相続した実家を解体し、土地の売却を検討した際に「擁壁(ようへき)の図面はありますか?」と不動産会社から聞かれ、戸惑われる方は少なくありません。
特に高台や傾斜地の土地では、この擁壁の状態が売却価格や売却期間、さらには税金にも影響することがあります。

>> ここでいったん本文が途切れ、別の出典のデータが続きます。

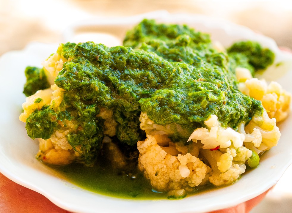 Frunzele se taie cu o foarfeca, pentru a evita procesarea indelungata. Dupa acest pas, toate ingredientele se proceseaza in blender timp de maxim 1-2 minute, pentru a pastra nutrientii intacti. Sosul se poate adauga peste orice mancare traditionala, orice salata, legume la abur sau mancare de legume. Noi am mancat cu conopida, broccoli, morcovi si kale facute la abur. Un deliciu!

今回は、相続人の方が押さえておきたい「擁壁のある土地の売却で失敗しないための実務的ポイント」を、税理士・FPの視点から整理してお伝えします。
【1.なぜ「擁壁」が売却価格に影響するのか】
擁壁とは、土地の崩壊を防ぐための重要な構造物です。
しかし、不動産の世界では単なる「壁」ではなく、次のようなリスク要因として評価されます。
・安全性に問題があると再建築や造成に制限がかかる
・補修や再工事に数百万円~数千万円かかる場合がある
・買主が住宅ローンを組みにくくなることがある
つまり、擁壁は「見えない負債」になり得る存在です。
そのため、不動産会社は図面や確認申請書類の有無を非常に重視します。
特に高さが2mを超える場合は、建築基準法や自治体の条例が関係し、
「適法に造られたか」「現行基準に適合しているか」が重要な判断材料になります。
【2.相続人が最初に確認すべき3つの実務ポイント】
実務上、次の3点を早期に確認しておくことを強くお勧めします。
① 設計図・確認申請書類の有無
② 擁壁の状態(ひび割れ・水抜き穴・傾き)
③ 建築士など専門家による簡易診断の要否
ここで重要なのは、
「問題があるかどうか」より
「問題を把握しているかどうか」です。
売却時には、買主に対する「告知義務(重要事項説明)」があります。
後から不具合が判明すると、損害賠償や契約解除のトラブルに発展する可能性もあるためです。
早めの情報整理が、結果的にリスクを最小化します。
【3.税金面で見落としがちなポイント】
擁壁のある土地の売却では、税金面でもいくつか注意点があります。
■ 譲渡所得税(売却益への税金)
売却価格が下がると税金も下がりますが、
逆に補修費や解体費を「必要経費」として計上できるかどうかが重要になります。
例えば:
・擁壁補修費
・解体費
・測量費
・仲介手数料
これらは原則として譲渡費用として控除可能です。
適切に整理すれば、税負担を大きく軽減できることがあります。
■ 「空き家の3,000万円特別控除」の適用
相続した実家を解体して売却する場合、
一定の条件を満たせば最大3,000万円の控除が使えます。
ただし、ここで注意すべきは:
・耐震要件
・期限(相続から3年後の年末まで)
・売却価格1億円以下
・相続人の居住歴の有無
など、細かな要件があることです。
特に「解体のタイミング」と「売却のタイミング」は
税額に直結するため、事前のシミュレーションが極めて重要になります。
【4.戦略的に売却を進めるための現実的ステップ】
私が実務でお勧めしているのは、次の順序です。
① 書類の有無を確認
② 簡易的な擁壁チェック
③ 不動産会社と価格の現実ラインを共有
④ 税金の試算を行う
⑤ 売却時期を決定する
この順序を守るだけで、
「想定外の出費」や「税金の取りこぼし」を大幅に減らせます。
特に相続財産の売却では、
感情的判断より「数字」と「期限」が結果を左右します。
【まとめ】
擁壁のある土地は、確かに注意点が多い資産です。
しかし、正しく理解し、早めに準備すれば、十分に価値ある不動産として売却できます。
大切なのは、
・現状を把握すること
・情報を整理すること
・税金まで含めて判断すること
この3つです。
相続した不動産は、
「負担」になることもあれば
「次の世代の資金」になることもあります。
その分かれ道は、
最初の一歩の取り方で決まります。
不安や判断に迷いがある場合は、
不動産・建築・税務の専門家を早い段階で巻き込み、
数字と事実に基づいた意思決定をされることをお勧めします。